- _Task data_

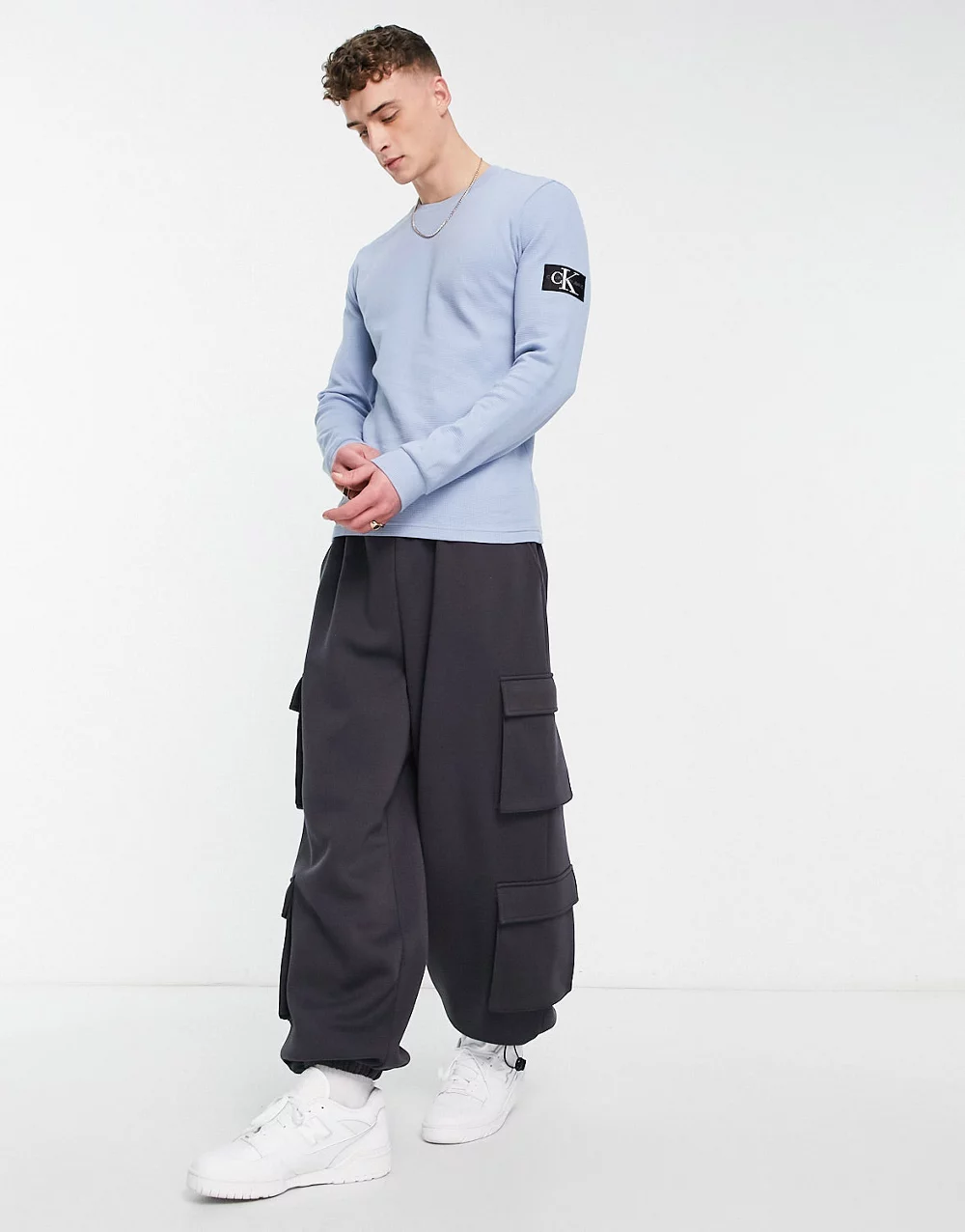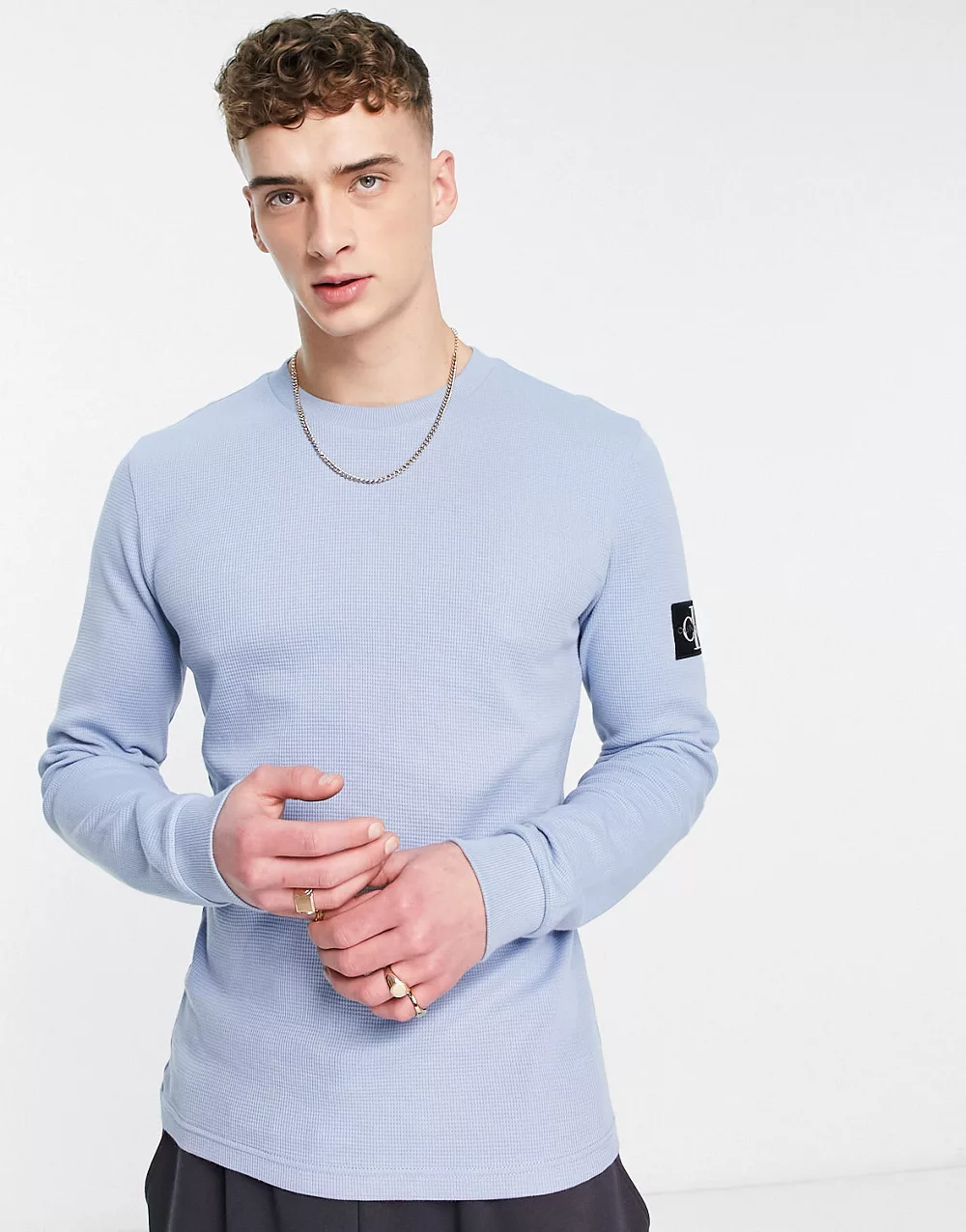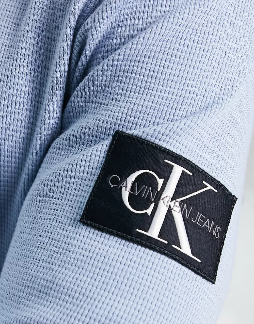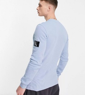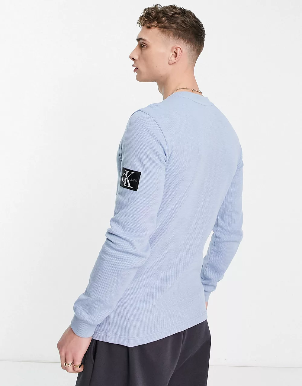 - Calvin Klein Jeans monologo badge waffle slim fit long sleeve top in light blue
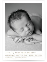 This contemporary birth announcement features a large photograph with the baby's name and information displayed in a minimalist grid.
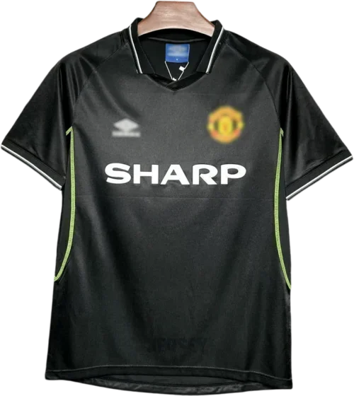 Lava en ciclo delicado con agua fría; conserva colores, costuras y escudo auténtico de camiseta del Manchester United 1996 1997 tercera.
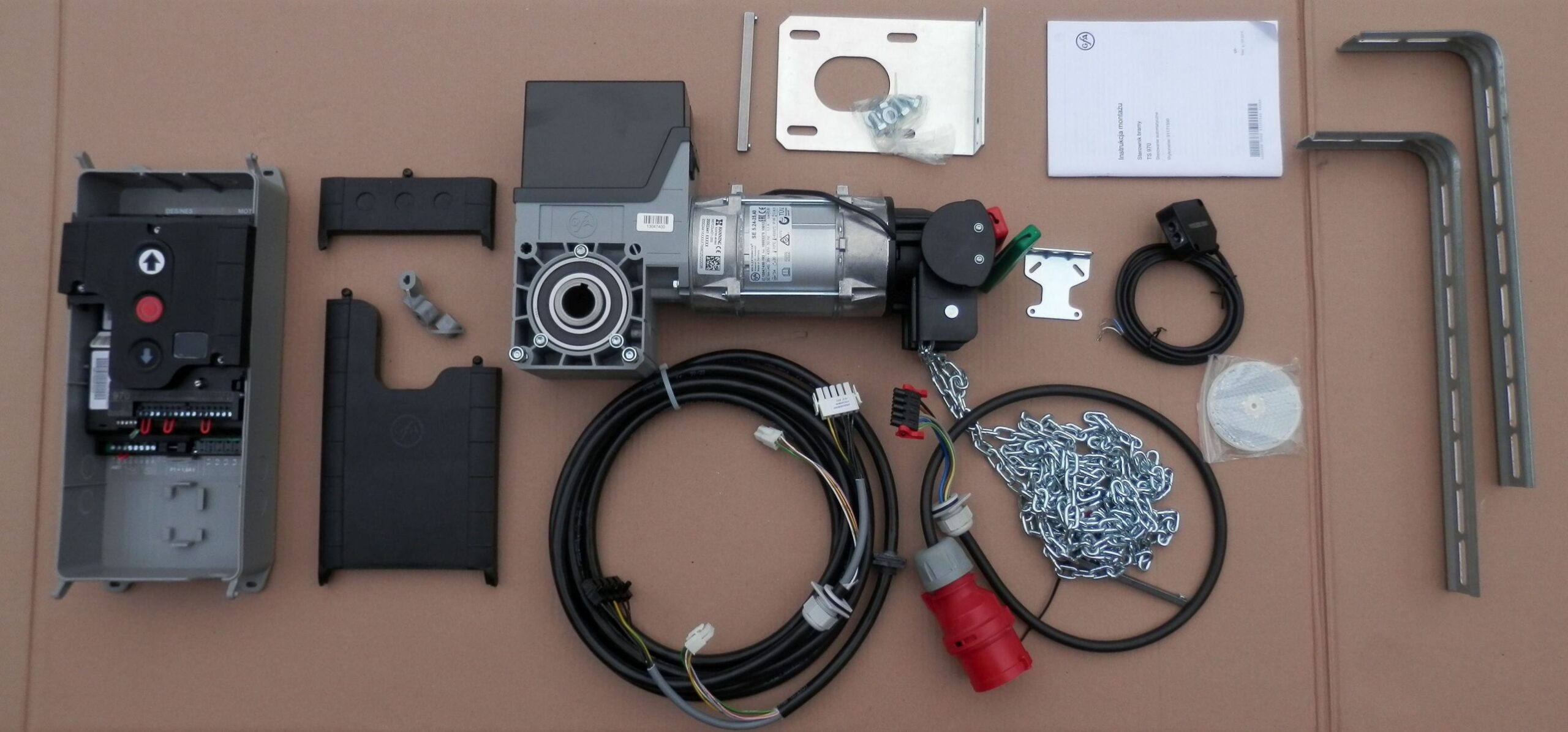 Uwaga: w zestawie łańcuch awaryjnego otwierania długości 4m.b. (łańcuch tworzy pętle o długości 2m, co pozwala na obsługę bramy, której wał jest na maksymalnej wysokości około 3,5m) Potrzebujesz dłuższy łańcuch? – skontaktuj się, istnieje możliwość dokupienia 30zł za 1m.b.
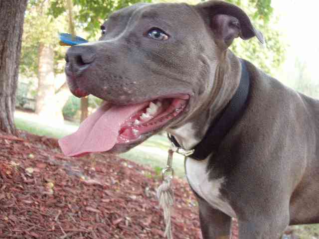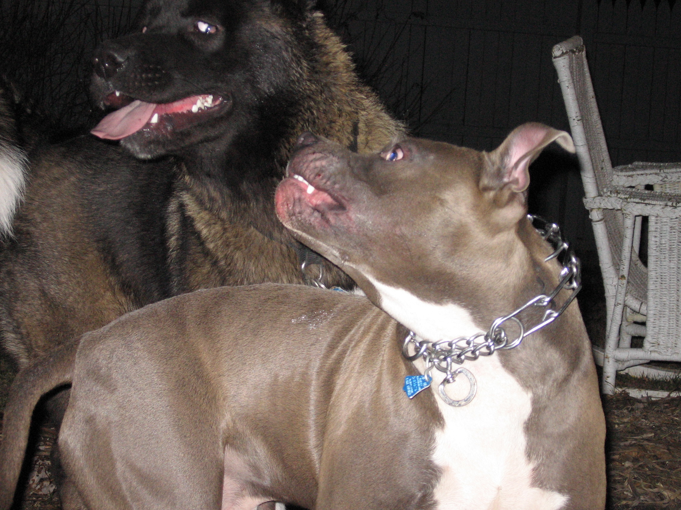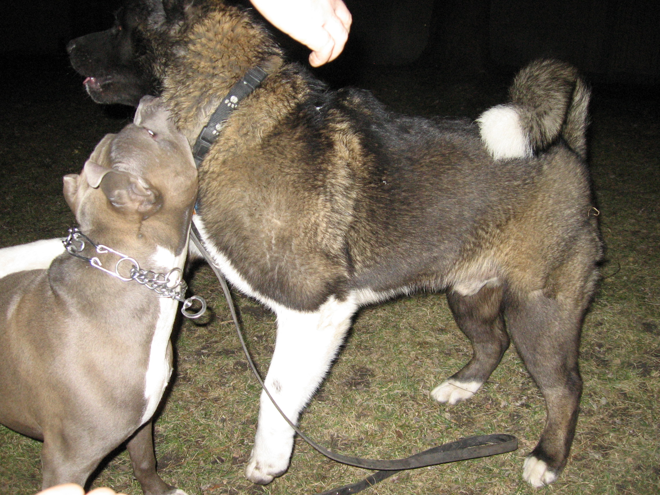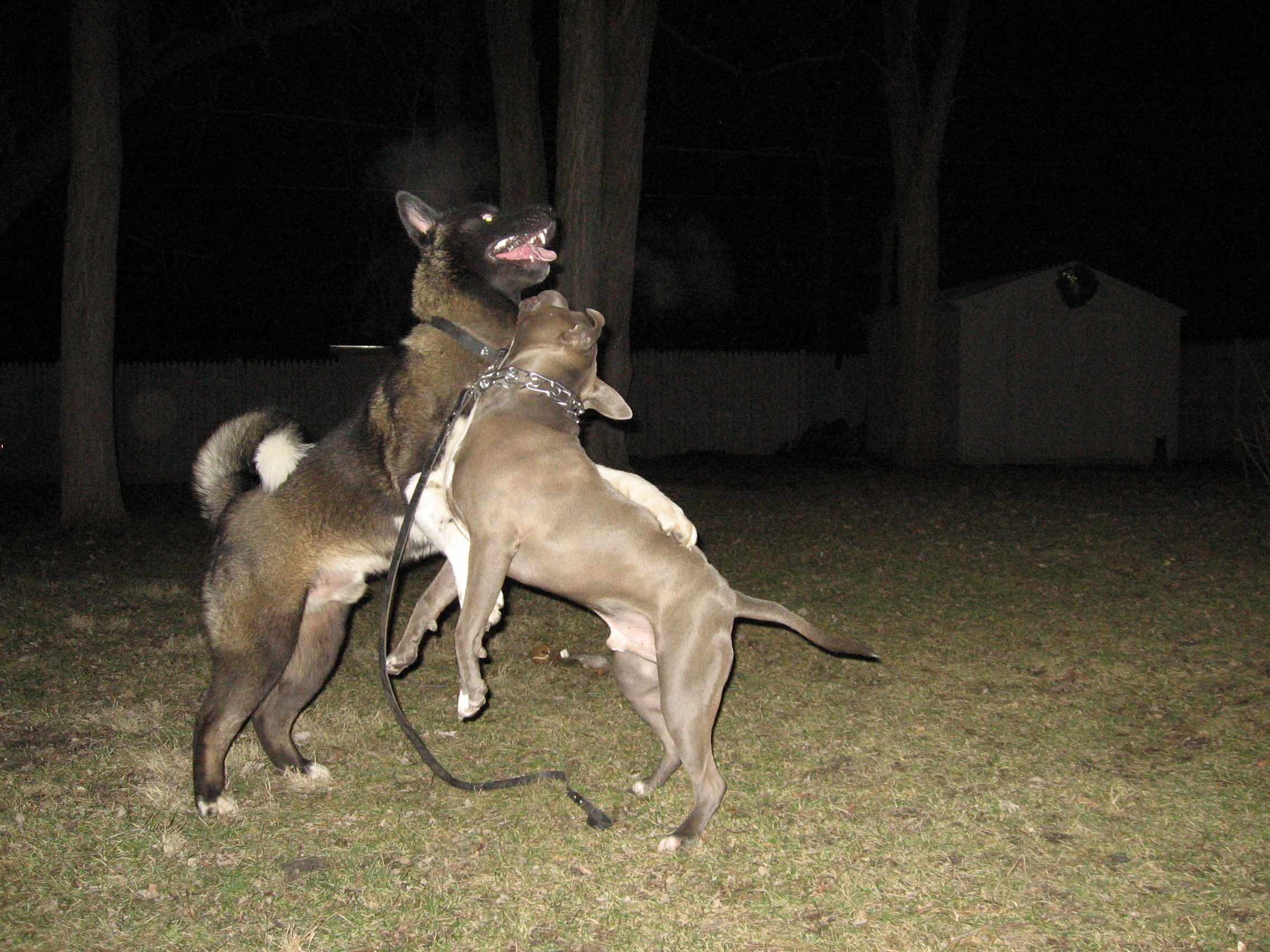 My friend Rob brought his 10 month old pitbull, Rex over to my house to play today with my 8 month old Akita, Zero.It was such a blast. At first they wrestled with each other for about an hour. We gave them lots and lots of water the whole time. Then I fed them both, separately. We tried to feed them together, but Zero snarled + growled so we separated them IMMEDIATELY. Rex was a little afraid of Zero for a few minutes after that, but then they were fine.

- _Exercise instructions_
Copy out each record word for word and omit any pictures.

- _Exercise output_
 - Calvin Klein Jeans monologo badge waffle slim fit long sleeve top in light blue
 This contemporary birth announcement features a large photograph with the baby's name and information displayed in a minimalist grid.
 Lava en ciclo delicado con agua fría; conserva colores, costuras y escudo auténtico de camiseta del Manchester United 1996 1997 tercera.
 Uwaga: w zestawie łańcuch awaryjnego otwierania długości 4m.b. (łańcuch tworzy pętle o długości 2m, co pozwala na obsługę bramy, której wał jest na maksymalnej wysokości około 3,5m) Potrzebujesz dłuższy łańcuch? – skontaktuj się, istnieje możliwość dokupienia 30zł za 1m.b.
 My friend Rob brought his 10 month old pitbull, Rex over to my house to play today with my 8 month old Akita, Zero.It was such a blast. At first they wrestled with each other for about an hour. We gave them lots and lots of water the whole time. Then I fed them both, separately. We tried to feed them together, but Zero snarled + growled so we separated them IMMEDIATELY. Rex was a little afraid of Zero for a few minutes after that, but then they were fine.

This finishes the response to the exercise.